The object 62, in this case a mouse, can be placed on a transparent platform 70 or can be suspended in the desired orientation by providing attachment means (not shown) and an appropriate structure within the apparatus. In this example, the position of the platform or the attachment means can be adjusted along all three spatial coordinates. In the trans-illumination geometry the thickness of the object is preferably determined to provide a value for the optical path (source to point of interest r_sp+point of interest to detector r_pd). If the channels are in a contact configuration the thickness may be provided by the distance between the source channel at the point of light injection and the trans-illumination detector channel at the point of light collection. In the case of a free space optic configuration the thickness may advantageously be provided by a profilometer which can accurately determine the coordinates of the contour of the object.

The source 61 may consist of a plurality of sources operating at different wavelengths. Alternatively, the source 61 may be a broadband source optically coupled to a spectral filter (not shown) to select appropriate wavelength(s). The wavelengths can be de-multiplexed into individual wavelengths by the spectral filter 67. Selection of wavelength may also be effected using other appropriate optical components such as prisms. In general, the apparatus shown in FIG. 1 is an example of a time-domain optical imaging apparatus that may be used with the present invention. However, those skilled in the art will understand that the invention may be implemented using other systems or apparatuses as well.

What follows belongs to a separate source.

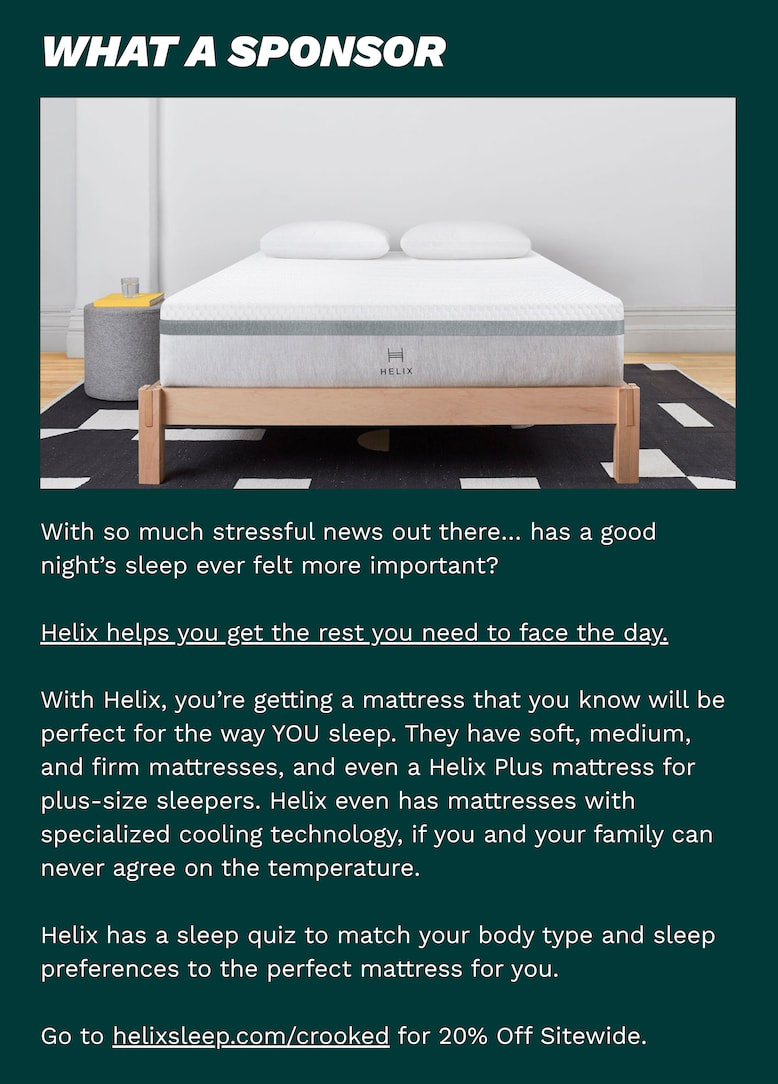 Locals are digging in. “I don’t know a single [protestor] who is feeling intimidated by them,” the Minneapolis resident said. “We’re seeing first hand how goofy these men are, how uncoordinated their operations are.” WHAT ELSE? 👀House Republicans grilled former special counsel Jack Smith over his investigation into Donald Trump’s attempt to overturn the 2020 election. The hearing was blatantly political, with GOP lawmakers trying to delegitimize Trump’s perceived foe. But Smith stood strong: “If we do not hold the most powerful people in our society to the same standards of the rule of law, then it can be catastrophic,” Smith said. “Because if they don’t have to follow the law, it’s very easy to understand why people would think they don’t have to follow the law as well.” Smith said he thinks Trump’s minions will probably try to find a way to charge him with a crime. The U.S. is actively seeking regime change in Cuba, aiming to push out the Communist leadership by the end of the year, according to the Wall Street Journal. Trump’s team isn’t even denying it: It’s in the U.S.’s interest for Cuba “to be competently run by a democratic government and to refuse to host our adversaries’ military and intelligence services,” the State Department told the outlet. Trump is suing JPMorgan and CEO Jamie Dimon for $5 billion, alleging that the bank dropped him for political reasons in 2021. The lawsuit comes shortly after Dimon publicly criticized Trump’s economic and immigration policies. A bank spokesperson said the suit has “no merit.” Trump is feeling extra litigious today. He also announced that he’s expanding his defamation suit against the New York Times, after the outlet published a poll showing that his approval ratings are in the toilet. “The New York Times, and so many others, print Polls that are knowingly false,” he wrote on social media. The FCC will begin enforcing a rule requiring entertainment talk shows to offer the same amount of airtime to all candidates running for a specific office. It’s widely viewed as an attack on late night television hosts, who frequently speak out against Trump. The move will make it more difficult for shows to “interview politicians they don’t agree with,” Jimmy Kimmel said on his show last night. Trump’s luxury Qatari superjet is expected to be flying as Air Force One by this summer. Just in time for Donald’s 80th birthday… err, America’s 250th birthday! Barron Trump may have saved a woman’s life by calling the British police. Barron reportedly told cops that he was on Facetime with a friend when he saw that she was being assaulted by her ex-boyfriend. “He helped save my life. That call was like a sign from God at that moment,” the woman later said. LIGHT AT THE END… ☀️The U.S. murder rate dropped by 21 percent across major cities since last year. It’s likely at its lowest level since 1900. The White House is taking credit for the good news, but the reality is more complicated. “It’s extremely difficult to disentangle and pinpoint what’s actually driving the drop,” Council on Criminal Justice Adam Gelb said in a statement. The U.S. economy grew faster than originally thought at the end of last year, according to revised government data. Here’s the catch: the economy’s health is increasingly dependent on how much wealthy people spend, in a phenomenon dubbed the K-shaped economy (because one line of the chart goes up, and the other goes down, like a K). The NASA astronauts who had to cut their mission short last week due to a medical emergency said that the portable ultrasound machine on board was “super handy.” As terrifying as that situation was, the astronauts are looking on the bright side: “We can handle any kind of difficult situation,” one of them said. “This is actually [a] very, very good experience for the future of human spaceflight.” Two Maryland birders have been on a quest to identify every living organism in their state. Fifteen years after being unable to identify a flower they saw on a walk, their website has catalogued more than 22,000 species of all kinds across Maryland. I think we found the solution to the male loneliness epidemic, folks. A 25-pound pug-chihuahua mix named Mo Bamba was elected as the 37th mayor of a neighborhood in Austin, Texas. Mayor Bamba won by only 130 votes, beating out several other animal candidates and becoming the first dog ever elected to the post. His slogan was compelling: “He won’t just fight for you, he will bark at you.” A rare printing of the Declaration of Independence, an edited draft of the Constitution, and other iconic pieces of American history will hit auction on Friday. Let’s not tell Nichols Cage how easy it’s become to obtain historical U.S. documents…. Speaking of American history, The Eagles’ greatest hits album from 1976 became the first album in the U.S. to sell over 40 million units. “In an age, in a culture, where everything seems to become more ephemeral, by the day, it is gratifying to have been part of something that endures, even for fifty years,” founding member Don Henley told the Associated Press. “We are amazed and grateful.” This just gives me another excuse to unwind with a tequila sunrise after a long week. (Sorry to those of you who agree with The Dude, who famously didn’t like the Eagles.) You’re currently a free subscriber to Crooked Media. For the full experience, upgrade your subscription. |

Decomposition of Constituents

One main challenge of data processing in vivo fluorescence imaging is to separate target fluorescence from multiple fluorescents and/or one or multiple fluorescents from autofluorescence—also called unwanted background noise. Usually in optical imaging, some knowledge of the object being imaged generally exists. For example, when a highly concentrated GFP labeled tumor tissue is optically imaged, a resulting time-resolved signal is composed mainly of GFP fluorescence. In contrast, if a mouse without injected fluorescent protein is optically imaged, the resulting time-resolved signal corresponds to background noise. In many situations, the resulting time-resolved signal is a combination of GFP and background noise. The characterization of background noise in such resulting time-resolved signal is not a trivial task. And unfortunately, there are multiple sources of background noise in optical imaging: leakage of excitation laser light due to imperfect fluorescent filters, fluorescence from optical constituents within a signal acquisition channel, and tissue autofluorescence. Tissue autofluorescence may be contributed by several endogenous fluorophores such as aromatic amino acids (e.g., tryptophan, tyrosine, phenylalanine), structural proteins (e.g., collagen, elastin), nicotiamide adenine dinucleotide (NADH), flavin adenine dinucleotide (FAD), porphyrins, lipopigments (e.g., ceroids, lipofuscin), and other biological constituents.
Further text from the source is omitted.